1 Pattern Matching in Unix File System

When working in the command line terminal, a common desire is to perform operations over many files at once. For example, maybe we want to print the contents using cat of all files that start with the name "file". If the directory contained many hundreds of such files, then writing out each file name by hand would be terrible.

To alleviate such annoyances, the unix shell provides a simple mechanisms for describing pattern matching. The process of describing patterns to match a string is well studied in computer science and is the basis of many theoretical thought. In this class we will apply pattern matching in the shell to perform simple tasks, and, in fact, you've seen some of this already when using grep in the last lab. Generally, we will use two pattern matching techniques:

  1. Globbing: A shell driven pattern matching facility that allows the user to generally matching patterns in files and directories.
  2. Regular Expressions : An expressive language of pattern matching that can match contents and names of files and directories through other command line tools, like sed and grep.

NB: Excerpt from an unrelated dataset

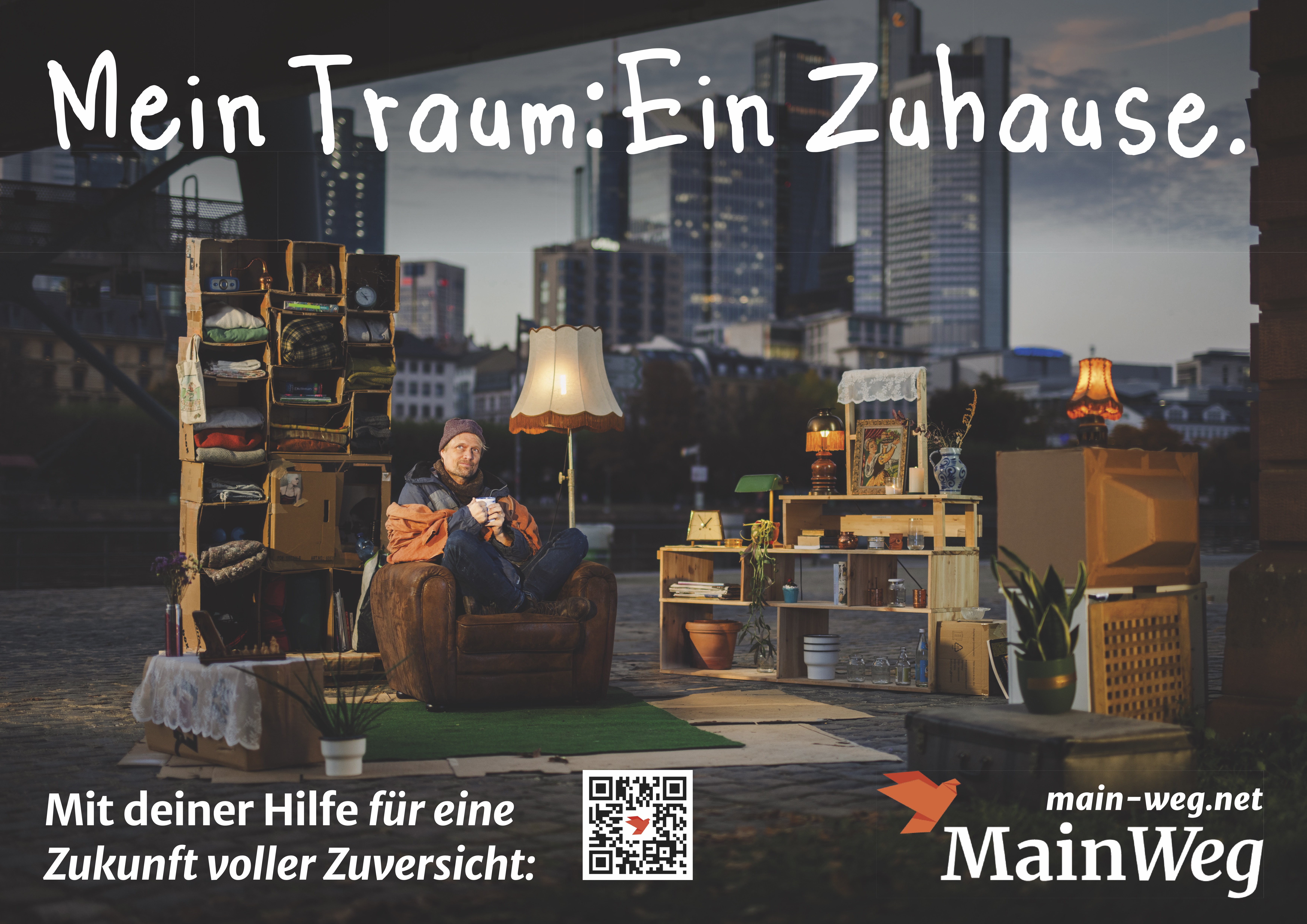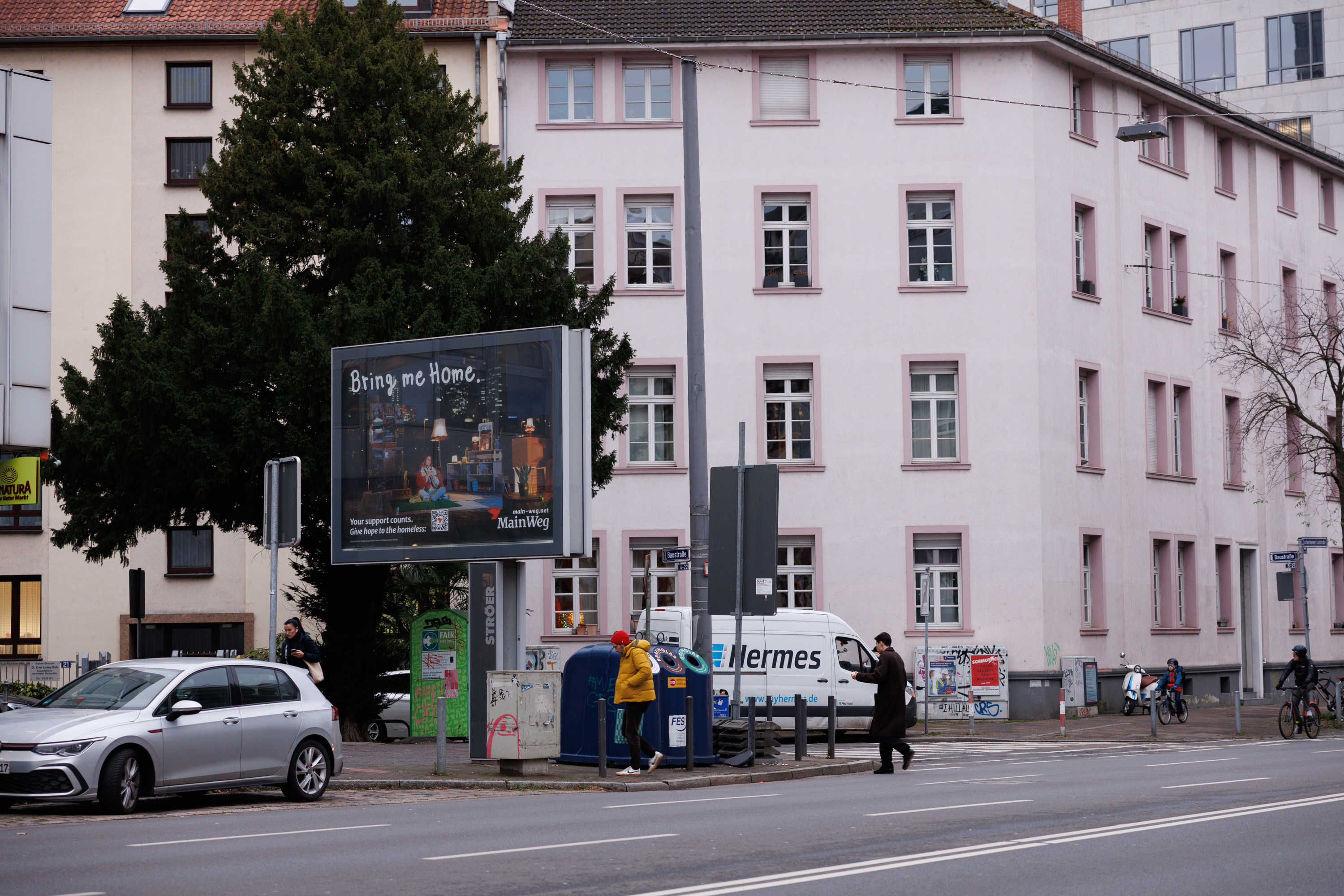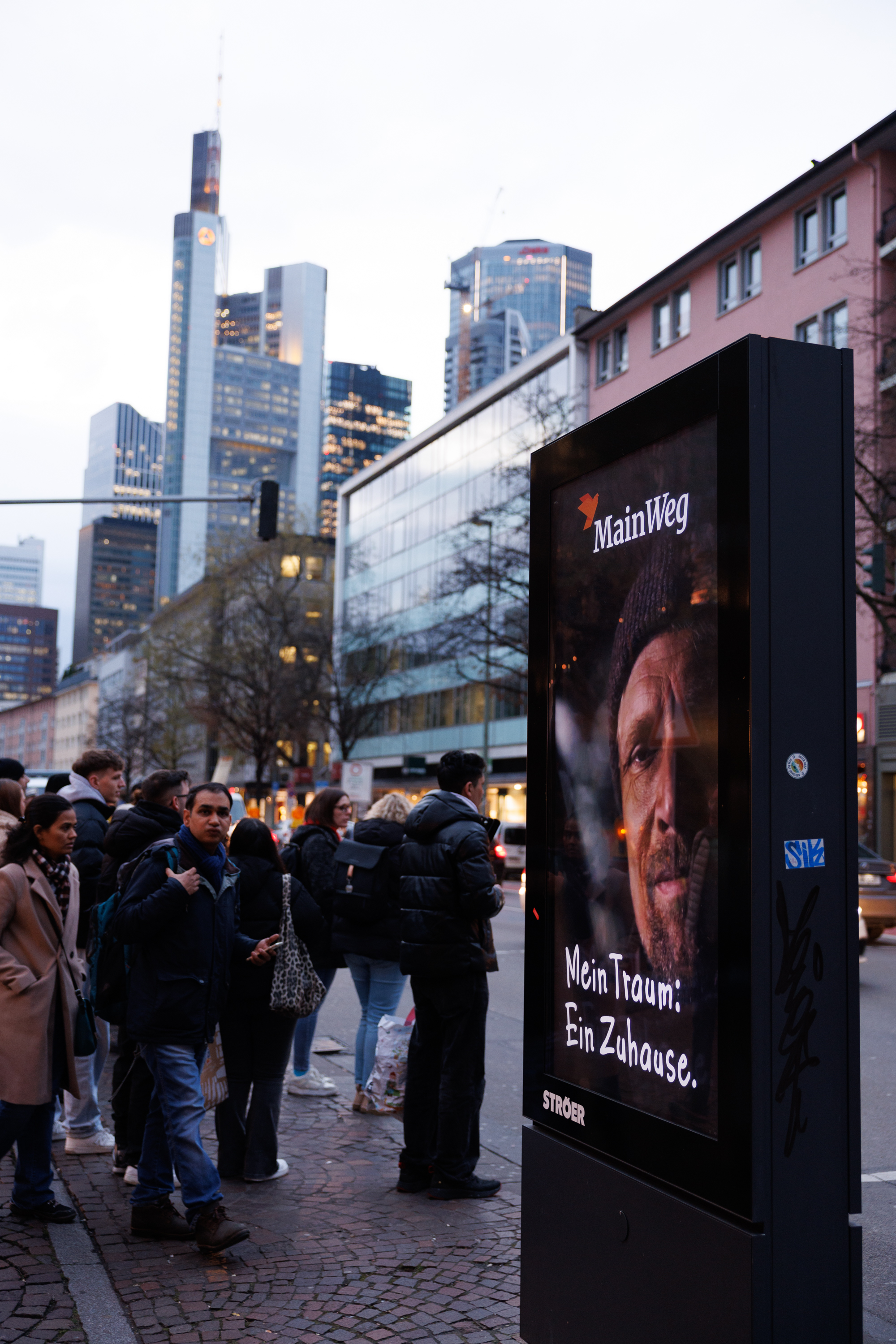 - Vom Konzept bis zum Key Visual für eine stadtweite Kampagne in Frankfurt – für eine soziale Stiftung, die sich mit dem Konzept Housing First befasst. Wir wurden beauftragt, eine OOH-Kampagne (Out-of-Home) zu konzipieren und das Key Visual innerhalb von nur zwei Wochen – von der Anfrage bis zur finalen Lieferung – umzusetzen.

In this lecture, we will focus primarily on globbing, and in the lab, you will have some basic exposure to regular expressions.

2 Globbing

The globbing is actually a process of filename expansion which provides a way for the user to refer to multiple files at the same time. The key idea behind globing is that you can use a wildcard that can match anything and the wildcard then expands the command line with all the matched files or directories given the pattern. Think of this like a wildcard in poker: if you have a wildcard, then it can become any card you like. In the same way, when you use a wildcard in a pattern, it can inhabit any character you want to match in some specified way.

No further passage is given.